Alpha-fetoprotein is a fetal plasma protein, which is like the adult plasma protein, albumin. Fetuses contain a great deal of AFP and in fact, the level of AFP in the fetal blood is 1000 times that of the maternal serum level. It takes only a few drops of fetal serum or blood to leak into the maternal circulation for the maternal levels of AFP to increase to abnormal levels. In normal pregnancies most, if not all, of the AFP enters the maternal circulation via the amniotic fluid. Fetuses excrete AFP into their urine and this becomes part of the amniotic fluid.

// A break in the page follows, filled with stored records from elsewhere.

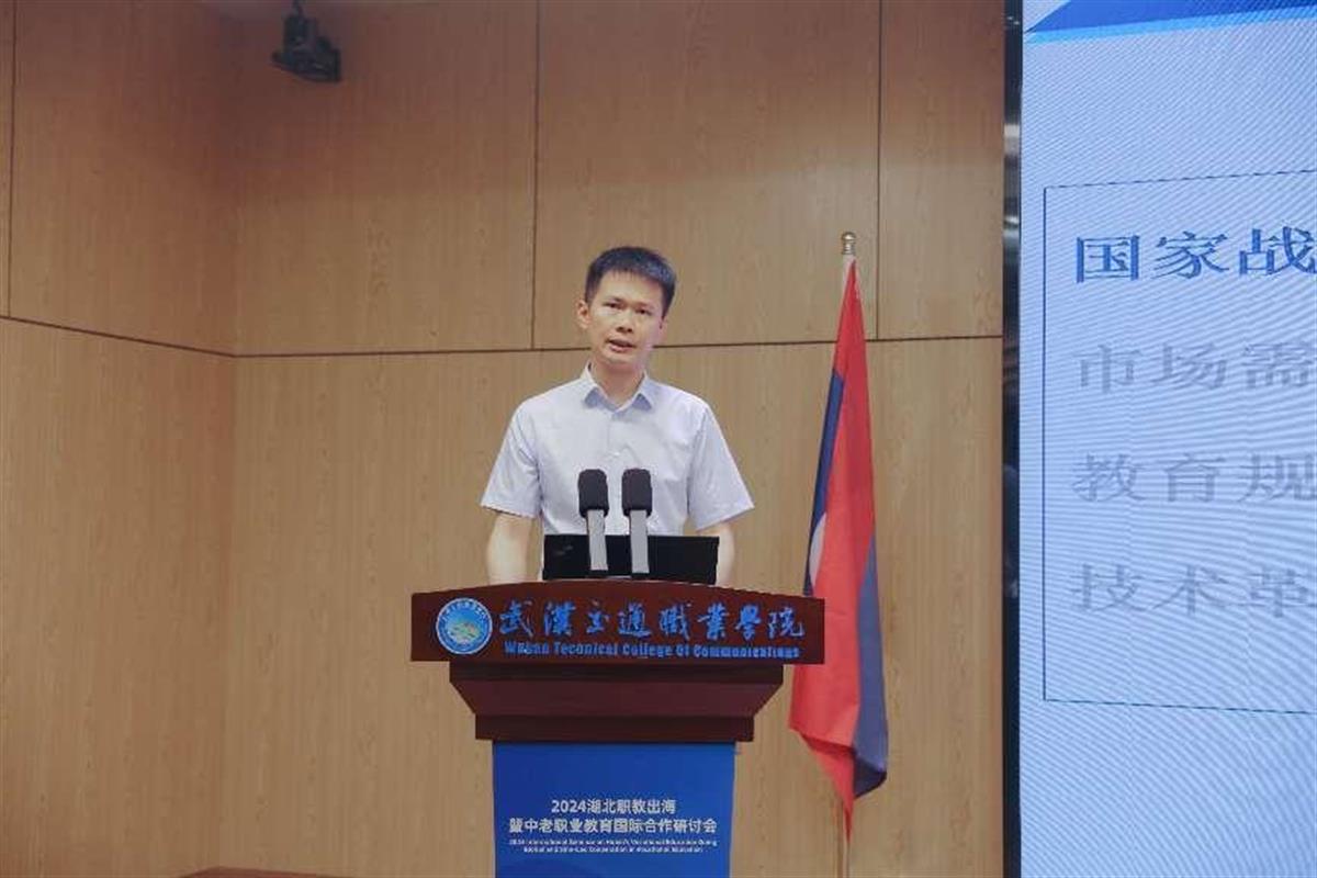 湖北省教育厅副厅长周启红致辞。周启红表示,省教育厅深入贯彻落实党中央、教育部、省委省政府关于职业教育对外开放的重大战略,将职业教育对外开放作为教育强省建设的重要任务之一,着力实施“职教出海”工程。希望以此次研讨会为契机,进一步推动中老职业教育合作走深走实,助力构建湖北新时代职业教育体系新生态。
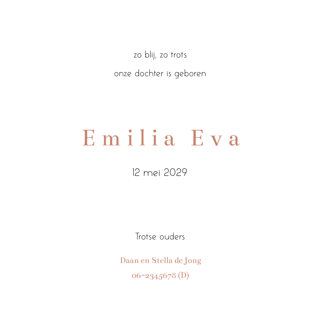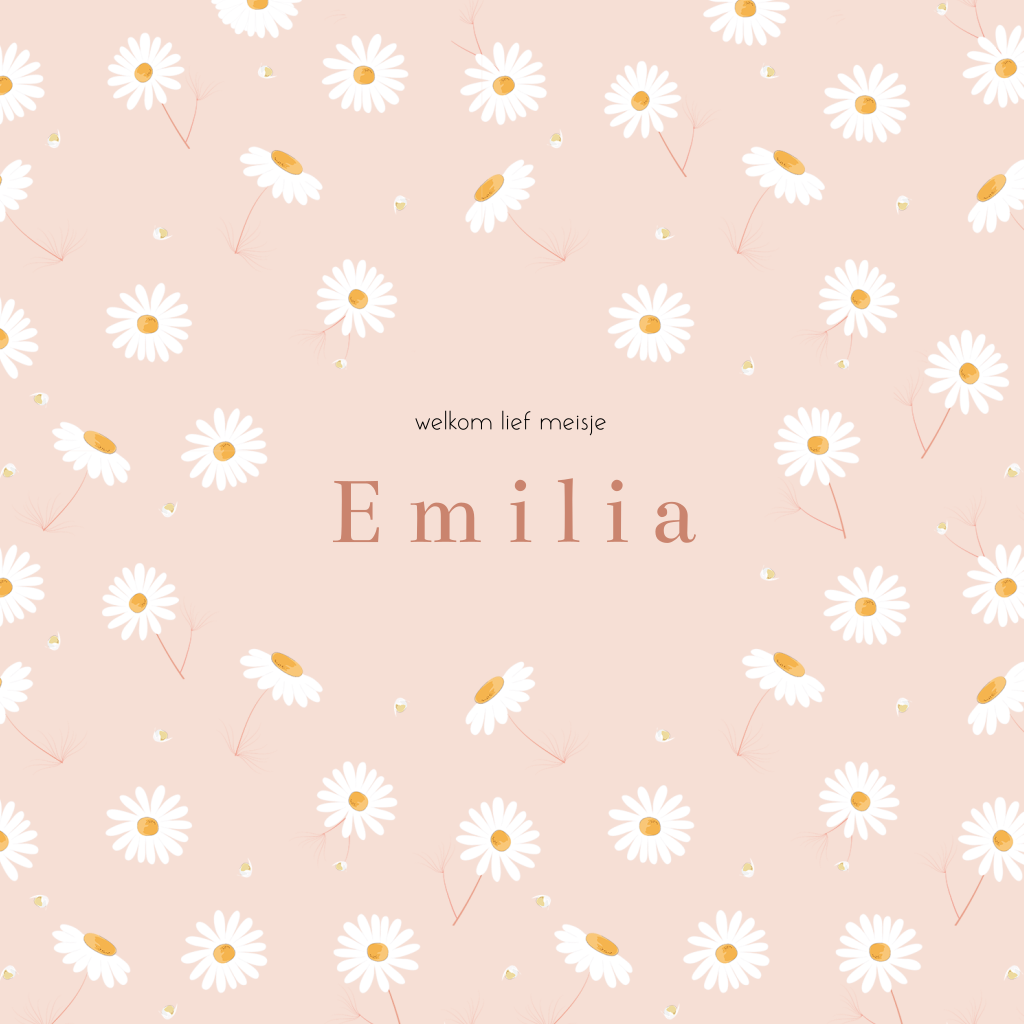 Hoera, het is lente! Madeliefjes bloeien voornamelijk in het voorjaar, dus wordt jouw kindje in deze periode geboren? Dan is dit roze geboortekaartje vol met witte madeliefjes perfect om de geboorte van jouw dochter aan te kondigen. Je kunt het kaartje zelf online bewerken met de editor, pas de achtergrondkleur aan en de teksten en bestel een proefdruk.
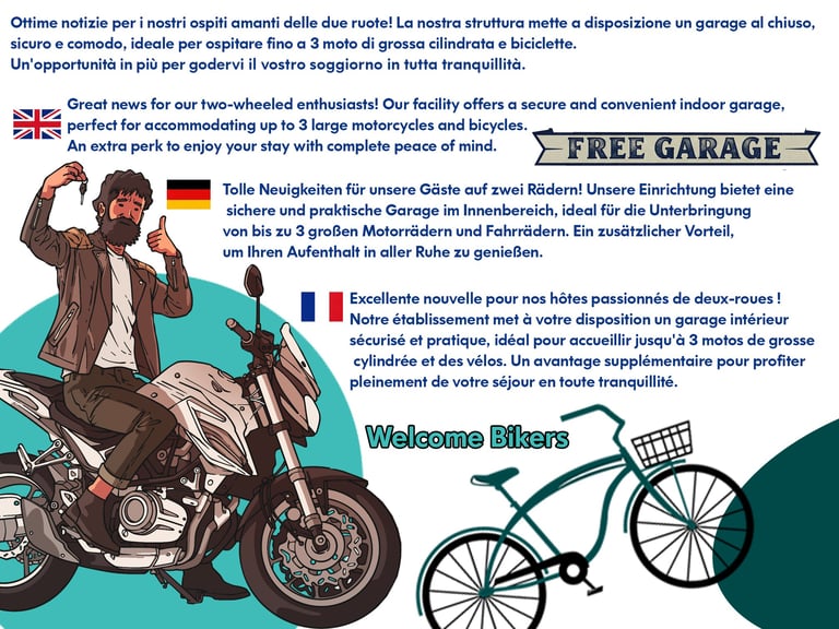 Lavanderia a Gettoni, Tabaccheria, Bar, Pasticceria e Ristoranti per gustare piatti tipici della cucina locale, perfetti per una cena dopo una giornata di esplorazioni. Novità : Offriamo un comodo garage per moto e biciclette, per la massima sicurezza dei tuoi mezzi. Da sapere : è vietato organizzare feste o eventi , nella struttura non sono ammessi animali domestici.
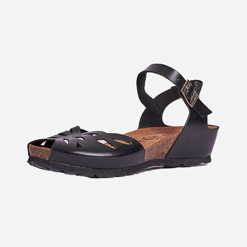A modern take on a retro favorite, this pretty peep toe sandal presents more than just good looks. A soft cork footbed offers custom support, while the secure ankle strap and modest wedge create a winning combination of style and wearability.
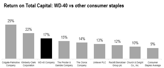 The WD-40 brand’s strong recognition is arguably the company’s primary competitive advantage. Its wide range of practical uses offers a compelling value proposition for customers, making it a household name across generations. This strong brand equity allows WD-40 to deliver returns comparable to those of major consumer staples companies like P&G, Unilever, Clorox, and Colgate.
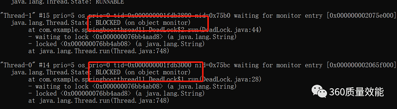 ● Jstack命令:主要是用来查看java线程的堆栈信息,分析线程有没有死锁,比如下面的这个两个线程互相等待对方释放锁而产生的死锁信息
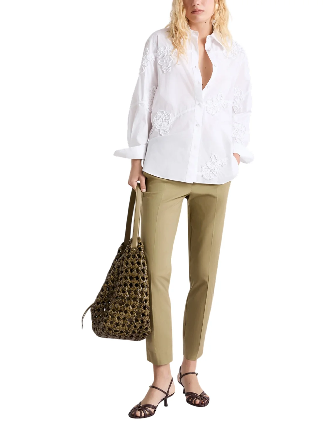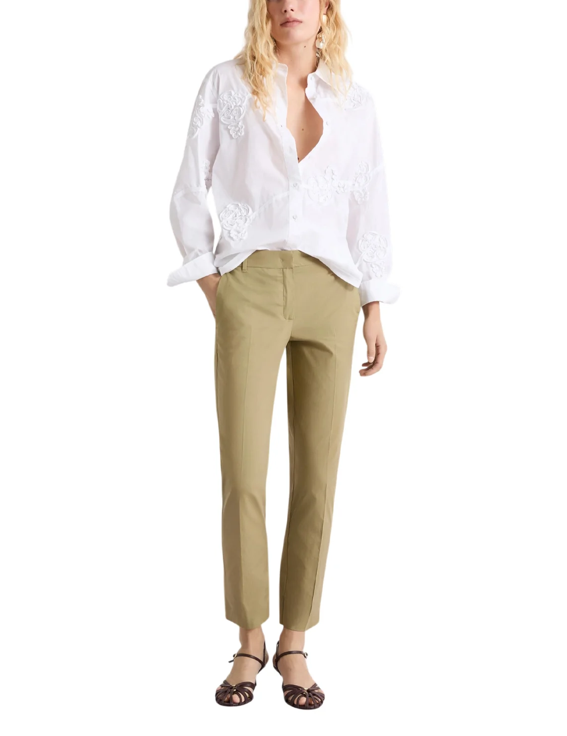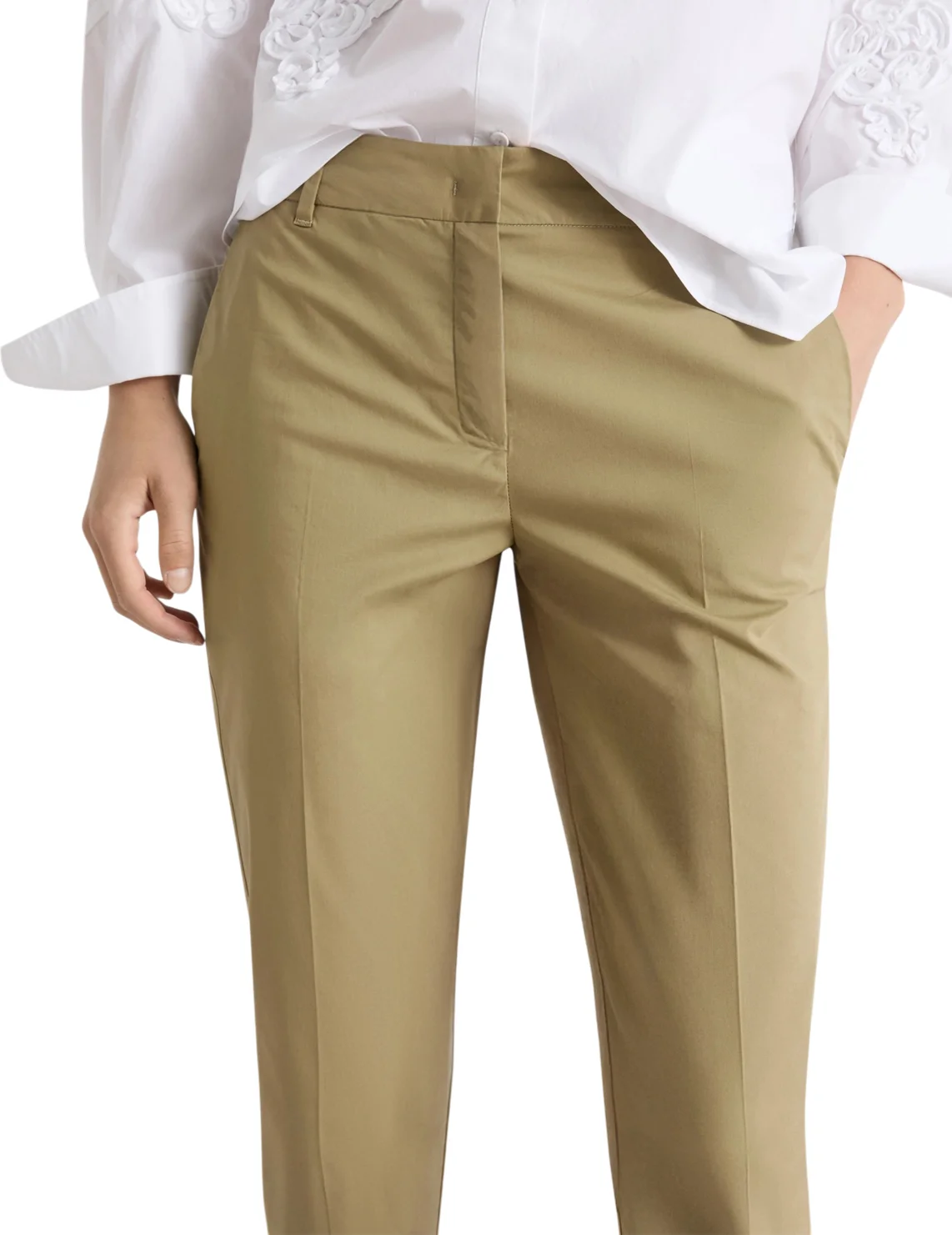 Брюки изготовлены из хлопка и эластана. Модель выполнена в прямом крое. Имеет застежку на крючок и скрытую молнию, шлевки для ремня, прессованные стрелки, наклонные боковые и задние прорезные карманы.
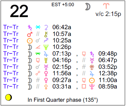 If you’re astrologically inclined and interested in the details of the Astrology of today, here are some of the factors considered in the forecasts (for the astrology of the week, see This Week in Astrology):
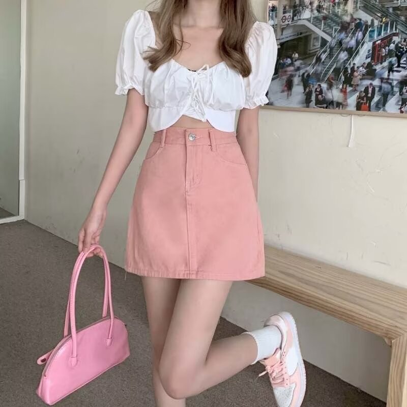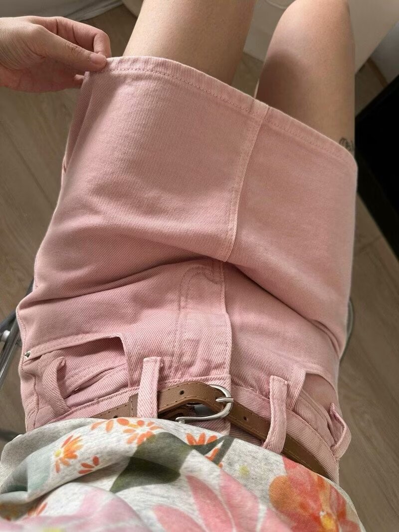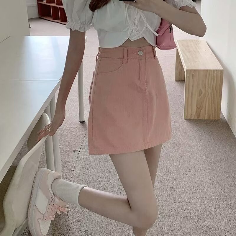 데님 짧은 치마 여자 여름 뜨거운 소녀 높은 허리 슬림 A 라인 하프 스커트 올 매치 힙합 스커트 트렌디 데님 스커트 핑크

Because AFP normally finds its way into the maternal circulation via the amniotic fluid, anything that increases the amount of AFP in the former will consequently amplify the concentration of AFP in the latter. Such conditions include, open neural tube defects (spina bifida and anencephaly), abdominal wall defects (omphalocele and gastroschisis), sacrococcygeal teratomas (tumors of the lower spine), and other anatomical defects. Excessive fetal urine levels of AFP can occur in cases of fetal renal damage where the kidneys excrete abundant amounts of alpha-fetoprotein. One such condition is called Finnish Nephrosis and is extremely rare (1 in 3000 individuals of Finnish descent). Some conditions may also increase maternal serum AFP in ways other than through the amniotic fluid. In such cases, the AFP finds its way into the maternal circulation directly through the damaged placental vessels. This damage may be the result of endothelial inflammation and breakdown, which leads to leakage of fetal AFP into the maternal vascular space. This may be the most dangerous of all conditions, because it is commonly linked to placental failure with all the usual consequences ranging from fetal growth failure to fetal death. A study in Great Britain recently found that there is a direct relationship between sudden infant death syndrome (SIDS) and elevated AFP. In most instances of elevated AFP due to placental damage, the initial cause is placental thrombosis brought on by acquired or genetic thrombophilia.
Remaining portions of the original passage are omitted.